Ce sont les enseignements tirés du marché du carbone issu du protocole de Kyoto, précurseur de l'accord de Paris, qui ne concernait que les objectifs de réduction des émissions de 37 pays industrialisés. Une étude réalisée en 2016 par la Commission européenne a révélé que la majorité des projets financés par le marché du carbone du protocole de Kyoto ne parvenaient probablement pas à réduire davantage les émissions de carbone.

"Il y a eu beaucoup de complications, disons, qui ont éclaté", a déclaré Christiana Figueres, qui dirigeait la Convention-cadre des Nations Unies sur les changements climatiques lors de l'adoption de l'accord de Paris. Le bord. Malgré les défis, Figueres a déclaré que le marché du carbone était productif. «Il est primordial de tirer des enseignements de cette expérience», dit-elle.

Mais tout le monde n'est pas convaincu que ces leçons ont été apprises. «Notre principal boeuf est avant tout que ces compensations de carbone et ces marchés du carbone ne cessent pas la pollution à la source», déclare Anthony Rogers-Wright à l'Alliance américaine pour la justice et la justice, qui préconisait l'inclusion des marchés du carbone dans l'accord de Paris. du tout. Il dit qu’il faut penser aux gains mondiaux en matière de réduction des émissions de gaz à effet de serre. Réduire la dépendance des pays vis-à-vis du pétrole et du gaz peut aussi avoir l’avantage supplémentaire de protéger les communautés lésées tout au long de la chaîne d’approvisionnement en combustibles fossiles. «Nous rejetons l’idée selon laquelle toute solution exigerait que certaines communautés soient traitées en permanence comme des sacrifices pour la production d’énergie», a déclaré Rogers-Wright.

Selon le Groupe d'experts intergouvernemental sur l'évolution du climat de l'ONU, le temps presse pour réduire les émissions de gaz à effet de serre nécessaires pour éviter les catastrophes, et la plupart des pays n'en font pas encore assez. Les émissions de carbone continuent d'augmenter, augmentant de 4% depuis l'adoption de l'accord de Paris, selon une nouvelle étude publiée cette semaine. Dans ce contexte, il est urgent de faire en sorte que le monde entier s’unisse pour renoncer à son habitude en matière de combustibles fossiles – et que tout soit bien fait.

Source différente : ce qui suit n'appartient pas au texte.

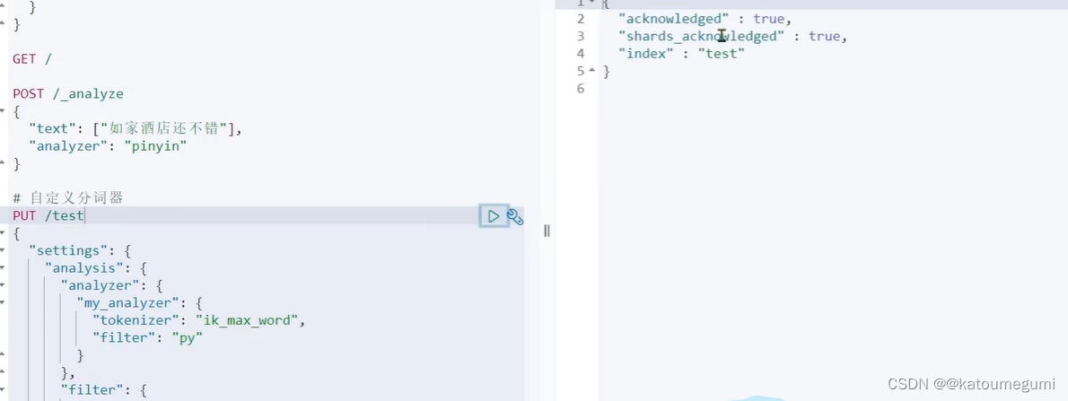 1、创建索引库时,在settings中配置,可以包含三部分2、character filter

Toute décision prise par les délégués à Madrid sera probablement annoncée la semaine prochaine. À ce stade, les groupes des deux côtés du débat sur le marché du carbone auront une meilleure idée de l'avenir de ce système compliqué. Jusque-là, il est important de rappeler ce qui est en jeu dans ce débat politique. «Nos moyens de subsistance sont en jeu ici», déclare De Oro.